The second method is to use a moving average and see how far prices have traded above or below its moving average to determine how overbought or oversold it could be. The further away price is from its moving average, the higher the chance of a reversion back to the moving average.

2.  Volatility

Volatility plays a big part in the accuracy of indicators like the long legged doji. By and large, the long legged doji candlestick pattern works much better with assets of high volatility than low volatility, while occasionally, the opposite could be true.

Hence, a trader could employ the methods outlined below to determine the volatility of an asset to improve his trading result when using the long legged doji candlestick.

i) Use the Average True Range (ATR) indicator to mark out the average ranges of the prices.

ii) Use the Average Directional Index (ADX) indicator to measure volatility. Readings above 20 signals high volatility, and vice versa.

3. Seasonality and Time

Seasonal tendencies peculiar to an asset may affect its performance. These are not only found on the daily, but also on the monthly, weekly, or hourly durations. For instance, if you are a day trader, you may find that your trading strategy may work better in the second half of the day than in the first half. Thus, keeping a note of the time element in your trading could reveal some interesting insights to help you when using the long legged doji candlestick to plan your trades.

For example, you may find that the price action on Wednesdays are always the most bullish on your chosen asset. Then, when you spot a long-legged doji form in the midst of the bullish trend, you might want to take the signal seriously. As a matter of fact, the long legged doji formation there is a sign that the bullish sentiment is showing uncertainty and the market could be ripe for a pullback. You could then plan a trade to short the asset.

Long Legged Doji Trading Strategies

Now that you have learnt how to improve a long legged doji signal, let us give you some examples of trading strategies that you could use when you see a long legged doji candlestick.

1. Long Legged Doji with Bollinger Bands

In this example strategy, we will be using the Bollinger Bands to help us in our long leg doji trade. The Bollinger Band indicator consists of a number of bands.

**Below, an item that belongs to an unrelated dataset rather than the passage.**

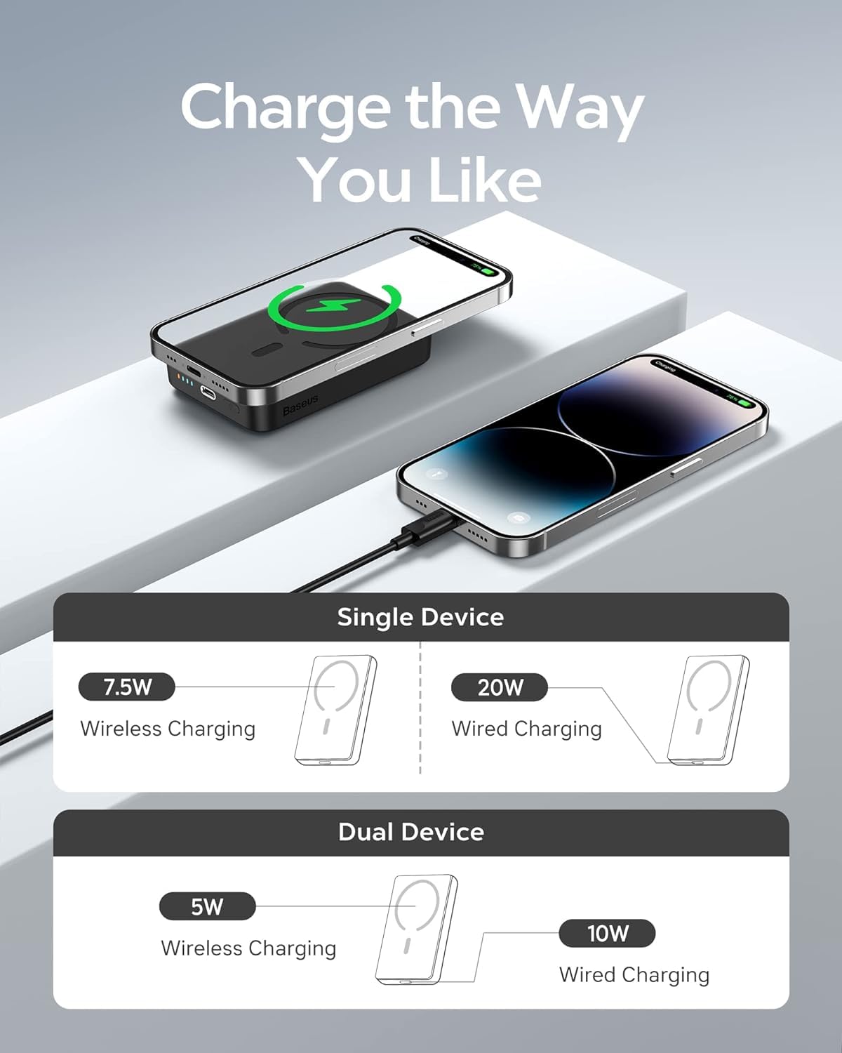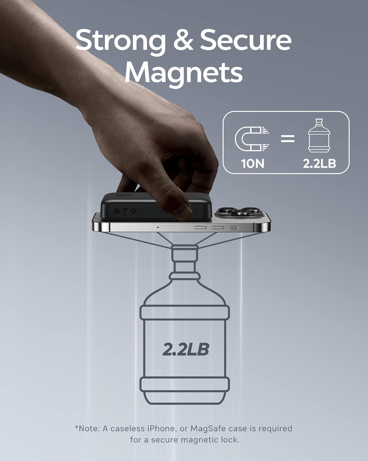 - 【Secure Magnets& Wireless Charging】 Passed FCC certification, equipped with powerful magnets securely lock to the back of your iPhone, and the magnetic pulling force value is 10N(≈2.2LB). Our 20W USB-C port allows you to fast charge your iPhone 15 Pro to 50% in just 30 minutes. Plus, our magnetic battery pack can be fully charged in under 2 hours with a 18W PD charger (not included). It also supports pass-through charging, so you can charge your phone and the battery pack at the same time

During an uptrend, price is going to be above the upper band, while during a downtrend, prices will trade below the lower band. As such, one simple strategy is to go long when you see the formation of long-legged doji candlestick below the lower band, and vice versa.

2. Long-legged Doji with Volatility Filter

In this example scenario, we will be using a Volatility Filter to help us in our long leg doji trade. One way of gauging the relevance of a pattern is to watch the volume. If the volume is high, it means that many trades were executed at around that price, which makes a reversal more likely when faced with a sign of indecision.

We will need the volume on the long legged doji candlestick to be at least two times higher than the volume of the previous candlestick to have enough late traders to get caught and get their stop-loss executed and force the price to reverse more strongly. In short, when you see price rising continuously in an uptrend, and a long legged doji appears where the volume traded that day is at least twice that of the previous day, open a short trade at the start of the next candle and wait a couple of days after the price drops to take-profit. This works the same way for the opposite direction.


Now that we have learnt about the long legged doji candlestick as well as its applications, it is time to do some revision. Let’s see if you can answer the below questions about the long legged doji correctly.

Is a Long Legged Doji Bullish?

A long legged doji is neither bullish nor bearish on its own.

What Does a Long Legged Doji Indicate?

A long legged doji indicates indecision amongst market participants.

Are Dojis Bullish or Bearish?

Dojis are neither bullish nor bearish on their own.

What Does a Long Legged Doji Tell Us About the Market?

A long legged doji tells us that the market is showing signs of uncertainty, with the number of buyers and sellers in equilibrium. When appearing at the end of an existing trend, a long legged doji could be a sign of trend exhaustion and a possible trend reversal in the works.